When I implemented disconnected component analysis into CryptoMiniSat 3, I knew I had to be careful. In the SAT Competition’11 I failed terribly with it: CryptoMiniSat 2 memory-outed and crashed on many instances with disconnected components. The solution I came up with was to make a program that could concatenate two or more problems into one problem, renumbering the variables. This meta-fuzzer (that used fuzzers as inputs) was then used to fuzz the disconnected component handling system. Although this sounds sufficient, it is in fact far from it. Firstly, the problems generated are disconnected at toplevel — whereas problems in the real world sometimes disconnect later during the search. Secondly, it took 2, maybe 4 CNF inputs, but real problems sometimes have thousands of disconnected components. Both of these issues had to be addressed.

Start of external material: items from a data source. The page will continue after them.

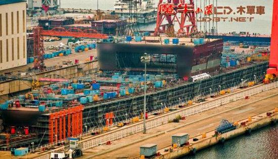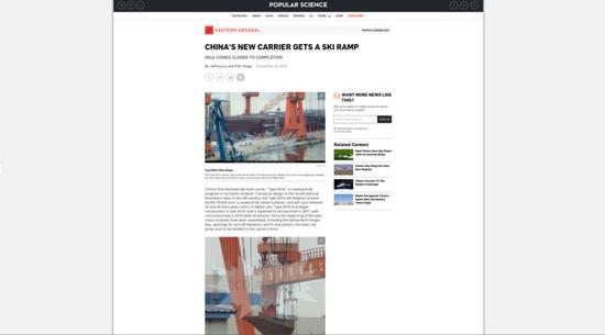近日,美国《大众科学》杂志官方网站以《中国新航母安装滑跃起飞段》为题报道了中国第一艘国产航母的最新动态。文章还配发了一张照片称,新航母的滑跃起飞段将很快会焊接到主甲板上。对此有媒体报道称,中国第二艘国产航母存在使用电磁弹射技术的可能性,但最终是否使用这项技术,要看最后的决策。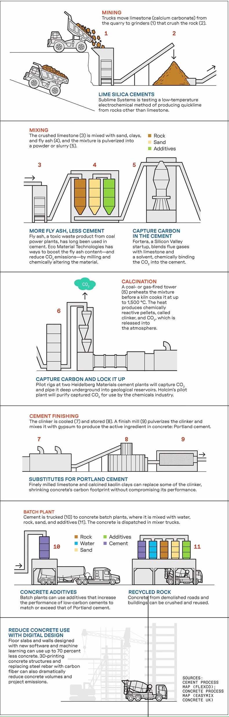 시멘트 생산업체는 종종 수십 년 분의 돌을 공급할 수 있는 석회암 채석장 옆에 대규모 공장을 짓습니다. 돌은 분쇄된 다음 일반적으로 칼슘, 실리콘, 알루미늄, 철을 포함하는 적은 양의 다른 미네랄과 결합하면서 단계적으로 가열됩니다. 혼합 및 조리에서 나오는 것은 클링커라고 하는 작고 단단한 덩어리입니다. 조금 더 가공, 분쇄 및 혼합하면 이러한 펠릿이 분말 포틀랜드 시멘트로 바뀌는데, 이는 기존 콘크리트 생산에서 배출되는 CO 2 의 약 90%를 차지합니다 [인포그래픽, "더 깨끗한 콘크리트로 가는 길" 참조].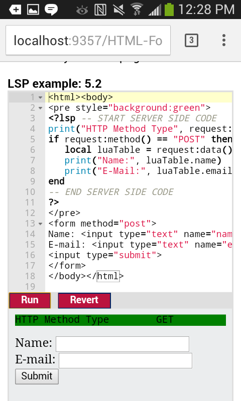 The android application includes a native web application server, with functional start/stop control and is pre-configured to download and run multiple Lua tutorials.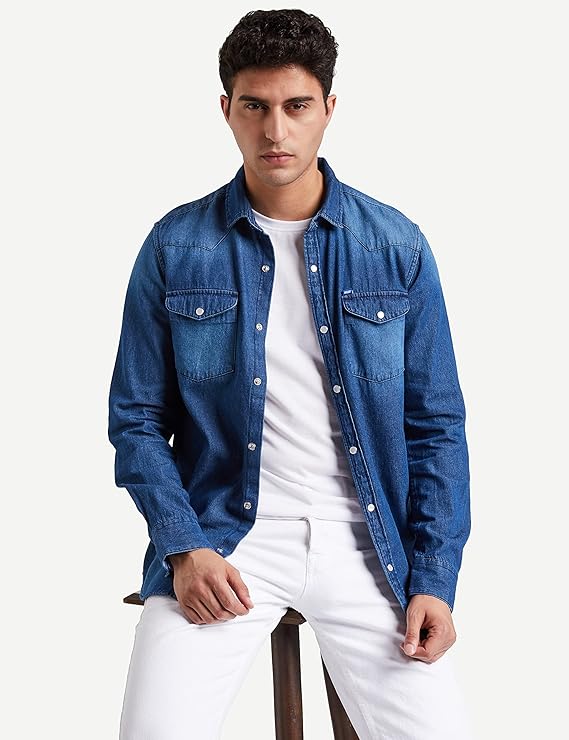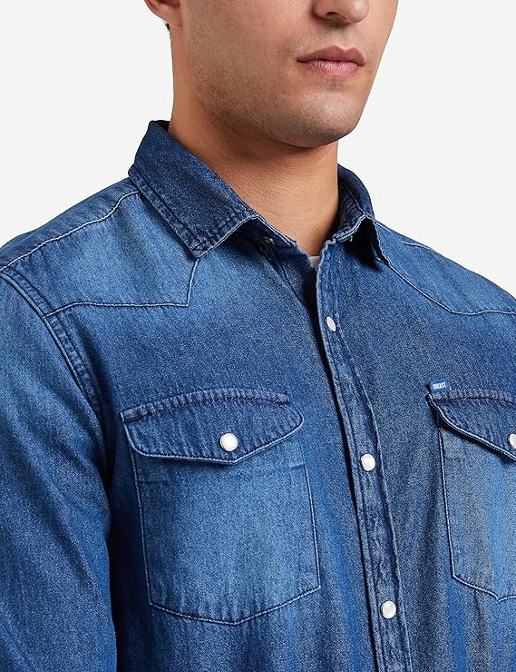 PRODUCT DETAILS: Regular-fit denim shirt featuring a regular collar, classic Western yoke detailing, double chest pockets, full sleeves, and a standard length for a rugged, timeless look.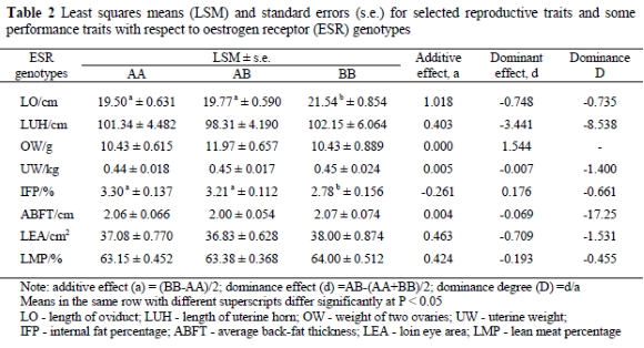 Keywords: Pig, ESR locus, female reproductive tract components, breed effects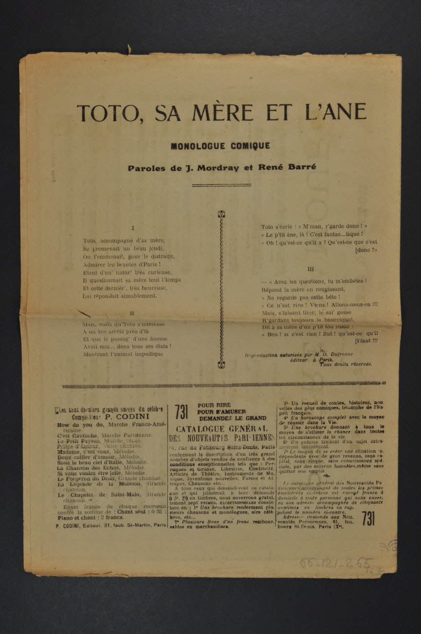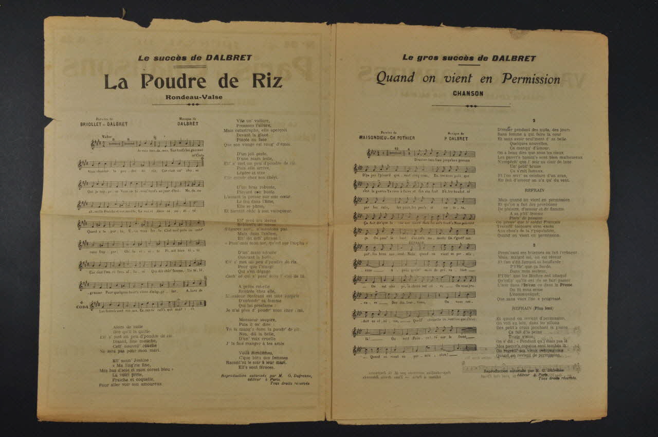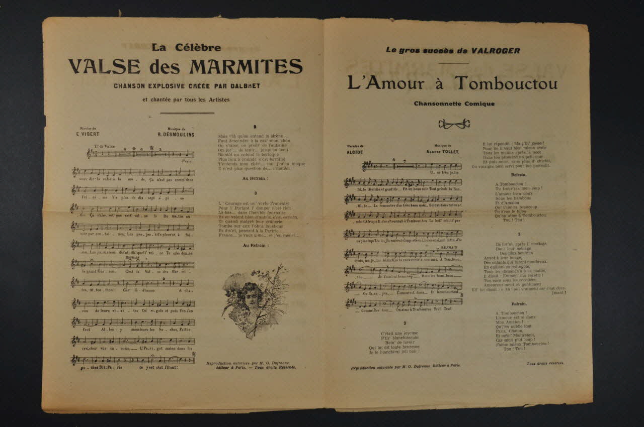 Les inscriptions renseignent le titre de la chanson, le nom des auteurs, de l'artiste et de l'éditeur. A l'intérieur et au dos, les partitions et les paroles des chansons.Décor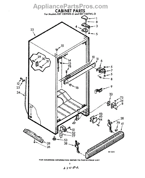 Parts for Whirlpool EXT13DTWR0: 02 - Cabinet Parts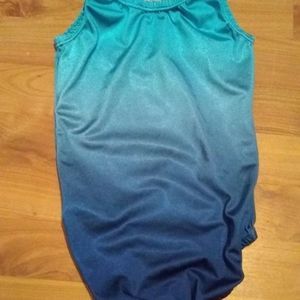 Garland Active Wear Leotard. Multi color blue. Size Child Large. Polyester and spandex blend. Great condition. Elastic around neck and legs.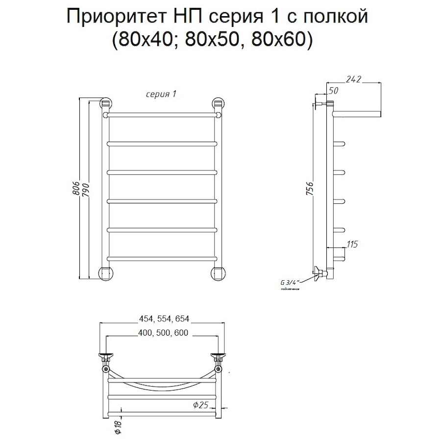 Полотенцесушитель водяной Тругор Приоритет серия 1 80х50 хром, с полкой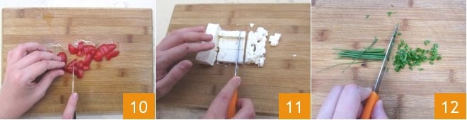 Enfin, coupez les lanières pour obtenir des dés 10. Réservez-les et passez à la feta. Coupez-la d’abord en lanières puis en dés 11 de taille similaire à ceux des tomates cerises. Hachez ensuite finement la ciboulette 12.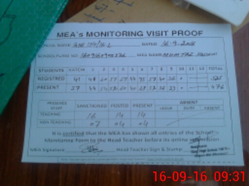 | Attendance Register | Head Teacher | MEA with School | Visit Proof |
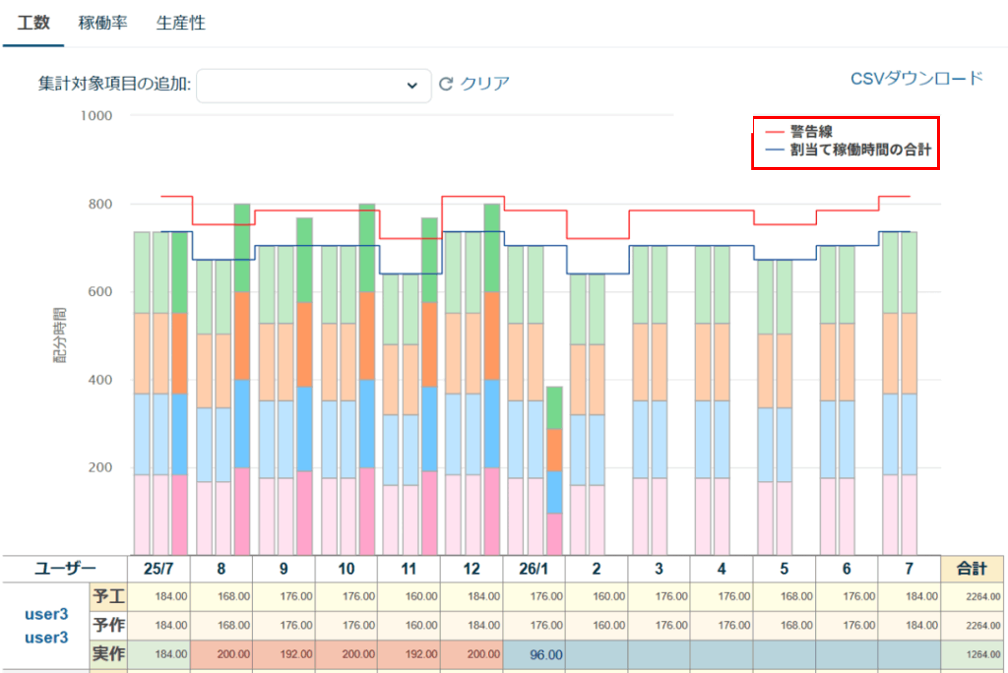集計対象ユーザーの稼働時間の合計線および警告線をグラフに表示しました。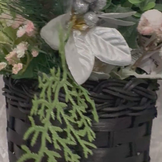 This an elegant floral door basket that will complement your decorations for the upcoming holiday season. This is made of a woven basket filled with florals themed for the holidays. The floral basket speaks volumes of Grace and Elegance. This will make your door smile and welcome your guests with a smile of joy.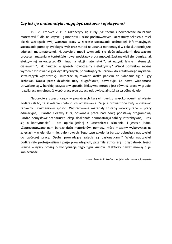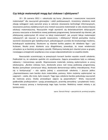 Czy lekcje matematyki mogą być ciekawe i efektywne? 19 i 26 czerwca 2011 r. zakończyły się kursy „Skuteczne i nowoczesne nauczanie matematyki” dla nauczycieli gimnazjów i szkół podstawowych. Uczestnicy szkolenia mieli okazję wzbogacić swój warsztat pracy w zakresie stosowania technologii informacyjnych, stosowania pomocy dydaktycznych oraz metod nauczania matematyki w celu skuteczniejszej edukacji matematycznej. Nauczyciele mogli wymienić się doświadczeniami dotyczącymi procesu nauczania w kontekście nowej podstawy programowej. Zastanawiali się również, jak efektywniej wykorzystać 45 minut na lekcji matematyki?, jak uczynić lekcje matematyki ciekawymi?, jak nauczać w sposób nowoczesny i efektywny? Wśród pomysłów można wyróżnić stosowanie gier dydaktycznych, pobudzających uczniów do kreatywnego myślenia, kształcących wyobraźnię. Skuteczne są również kartka papieru do składania figur i gry liczbowe. Nauka przez działanie uczy długofalowo, powoduje, że nowe wiadomości utrwalane są w bardziej przystępny sposób. Efektywną metodą jest również praca w grupie, rozwijająca umiejętność współpracy oraz ucząca odpowiedzialności za wspólne dzieło. Nauczyciele uczestniczący w powyższych kursach bardzo wysoko ocenili szkolenie. Podkreślali to, że szkolenie spełniło ich oczekiwania. Zajęcia prowadzone były w ciekawy, zabawny i ćwiczeniowy sposób. Wypracowane materiały zostaną wykorzystane w pracy edukacyjnej. „Bardzo ciekawy kurs, doskonała praca nad nową podstawą programową. Bardzo pomysłowe scenariusze lekcji, doskonała demonstracja tablicy interaktywnej. Prosi się o kontynuację” – oto opinia jednej z uczestniczek szkolenia. I jeszcze jedna: „Zaprezentowano nam bardzo dużo materiałów, pomocy, które możemy wykorzystać na zajęciach – wiele, dla mnie, było nowych. Tego typu szkolenia bardzo pobudzają nauczycieli do twórczej pracy. Osoby prowadzące zajęcia są pasjonatkami.” Wielu nauczycieli podkreślało profesjonalizm i pasję prowadzących, przemiłą atmosferę i przydatność treści. Prawie wszyscy proszą o kontynuację tego typu kursów. Niektórzy nawet mówią o jej konieczności. oprac. Danuta Potręć – specjalista ds. promocji projektu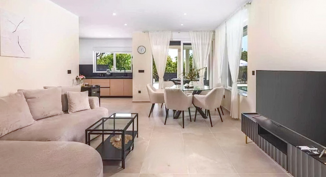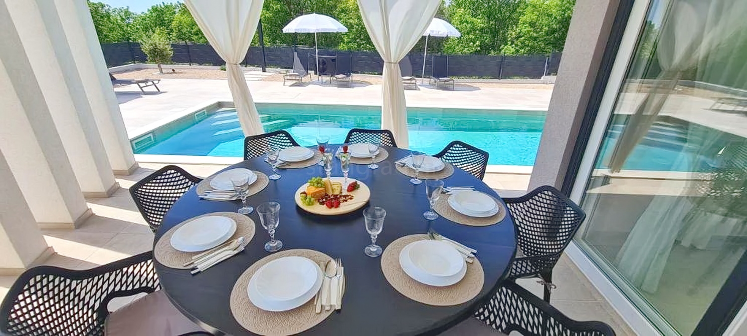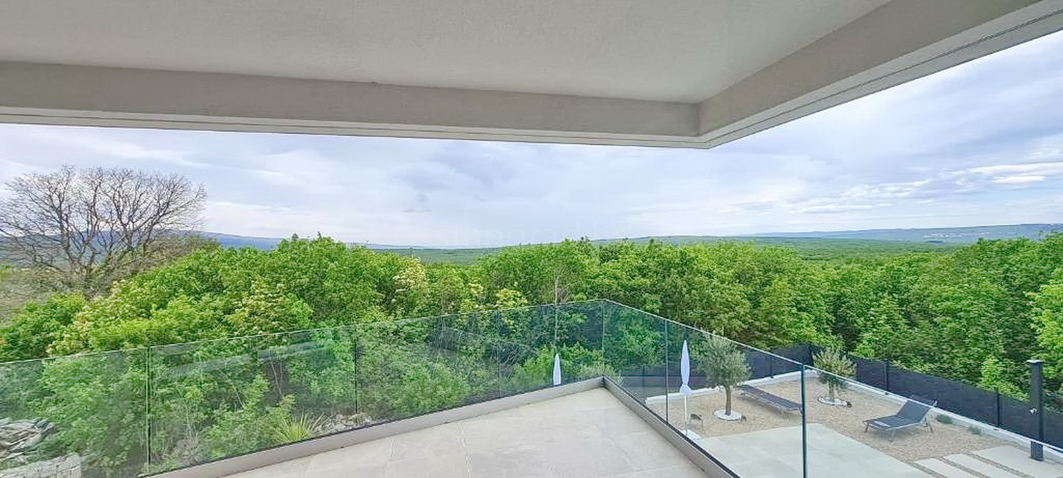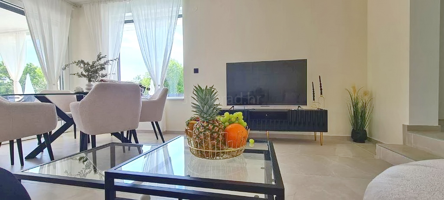 From our agency’s wide selection of properties on the northern Adriatic, a modern tourist house stands out, located in one of the most sought-after regions of the Croatian coast, on the island of Krk. The property is situated in a peaceful and green area near the well-known town of Vrbnik, on the edge of the construction zone, far from city noise and ideal for those seeking a blend of privacy, nature, and comfort.

One of the most difficult parts of modern SAT solvers is time-outs of complicated algorithms. Time-outs sometimes make code quite convoluted, and thus are a source of bugs. However, most fuzzers generate problems that are too small for any time-outs to occur, thus severely limiting the scope of the fuzzer. So, the fuzzers don’t exercise a part of the system that is fully exercised by real-world problems. To fix this, I have written a short fuzzer script that generates enormous, but simple problems with millions of variables. This helped me fix a lot of issues in timeouts. I advise having a RAM-disk when using it though, as it writes gigabyte-size CNFs.

I also use some other fuzzers, namely one that excercise XOR-manipulation and the sgen4 CNF generator by Ivor Spence (PDF, pages 85-86) that generates problems of tuneable hardness.

My fuzzing system

Fuzz CNF generators are nice, but not enough on their own. A system around them is necessary for the full benefit. Writing one sounds trivial at first, but my system around the fuzzers is about 1000 lines of python code, so maybe it’s not that trivial after all. It has to do a number of things to be truly useful.

First, it needs to test the solutions given by the solver. If the solution is SAT, it needs to read the (gzipped) CNF file, and check the (partial) solution. Second, if the solution is UNSAT, it either needs to call the DRUP checker to verify the proof, and/or it needs to call another solver to see if it finds a solution or not — and verify that the other solver’s solution is correct. I actually run both DRUP and the other solver, you can never be sure enough. Note that solution verification also complicates time-limiting: we don’t want to wait 30 minutes because a fuzz CNF is too complicated, and we don’t want to indicate an error just because the problem is hard.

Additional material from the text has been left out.